Max Fischer : jusqu'à 5 ans pour la faillite de la banque

Le tribunal correctionnel d'Anvers a prononcé jeudi des peines allant jusqu'à 5 ans de prison, avec sursis partiel, contre des responsables et des clients de la banque Max Fischer, dont la faillite frauduleuse avait été prononcée en 1997.

(BELGA) Le tribunal correctionnel d'Anvers a prononcé jeudi des peines allant jusqu'à 5 ans de prison, avec sursis partiel, contre des responsables et des clients de la banque Max Fischer, dont la faillite frauduleuse avait été prononcée le 9 janvier 1997.

André Zucker, 63 ans, un administrateur de la banque située dans le coeur du quartier diamantaire anversois, a été condamné à 5 ans de prison, dont 18 mois fermes, et à 247.893 euros d'amende.

L'autre administrateur, Bernard Fischer, 76 ans, a écopé de 3 ans de prison, dont un an ferme, et de 123.946 euros d'amende.

Selon le tribunal, les deux administrateurs étaient à l'origine des irrégularités commises au sein de la banque et des mécanismes frauduleux liés à des comptes fictifs à l'étranger.

"Ils ont transféré, via ces comptes, des centaines de millions d'anciens francs d'argent noir, les soustrayant ainsi au fisc. Les administrateurs voyaient cela comme une 'prestation de service' à leurs clients", a déclaré le tribunal, qui a qualifié les faits d'"hallucinants".

Le chef comptable, Victor Sterckx, a été condamné à un an de prison avec sursis, tandis que son adjoint s'en sort avec une simple déclaration de culpabilité.
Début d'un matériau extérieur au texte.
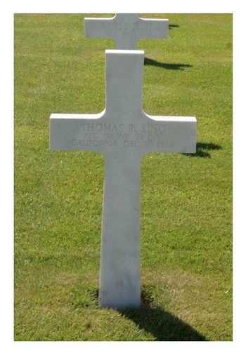Pfc Thomas R. King enlisted in Sacramento, California on 19 March 1943.Statement of Lt Flynn: On the 30th we were ordered to move about 200 yards forward and take up a defensive position, with the 3rd Platoon on the right, the 1st in the center. Upon arriving at the position we were fired upon by enemy machine gun fire from positions we could not see. Sgt. Solomon & Pvt. King were killed.

Trois clients ont écopé d'un an de prison avec sursis, un quatrième de 6 mois avec sursis; six autres ont bénéficié de la suspension du prononcé de la condamnation.
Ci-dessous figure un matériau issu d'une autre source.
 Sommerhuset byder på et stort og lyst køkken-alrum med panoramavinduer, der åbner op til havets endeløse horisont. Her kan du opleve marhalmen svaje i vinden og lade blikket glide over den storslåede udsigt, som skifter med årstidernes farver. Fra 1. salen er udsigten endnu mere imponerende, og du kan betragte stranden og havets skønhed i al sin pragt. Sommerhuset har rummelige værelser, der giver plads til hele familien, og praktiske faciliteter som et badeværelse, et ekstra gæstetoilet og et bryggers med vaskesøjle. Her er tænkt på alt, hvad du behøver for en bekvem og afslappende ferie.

Deux prévenus ont été acquittés.

André Zucker et Bernard Fischer accordaient également d'importants crédits sans aucune garantie pour la banque, ce qui a creusé le trou financier de cette dernière.

Lors d'un contrôle plus strict de l'établissement financier, ils ont monté différents mécanismes pour cacher ces irrégularités. "André Zucker surtout, secondé par le chef comptable Victor Sterckx, n'a observé aucune prescription légale, comptable ou de technique bancaire", a constaté le tribunal.

Les protagonistes dans ce dossier se sentaient au-dessus des lois, a-t-il ajouté. Même après le blocage de certains comptes bancaires par le juge d'instruction, ils ont tout fait pour pouvoir encore les vider.

Ces irrégularités ont provoqué, en 1997, la faillite de la banque Max Fischer, qui enregistrait alors un trou financier de 17 millions d'euros (700 millions de francs).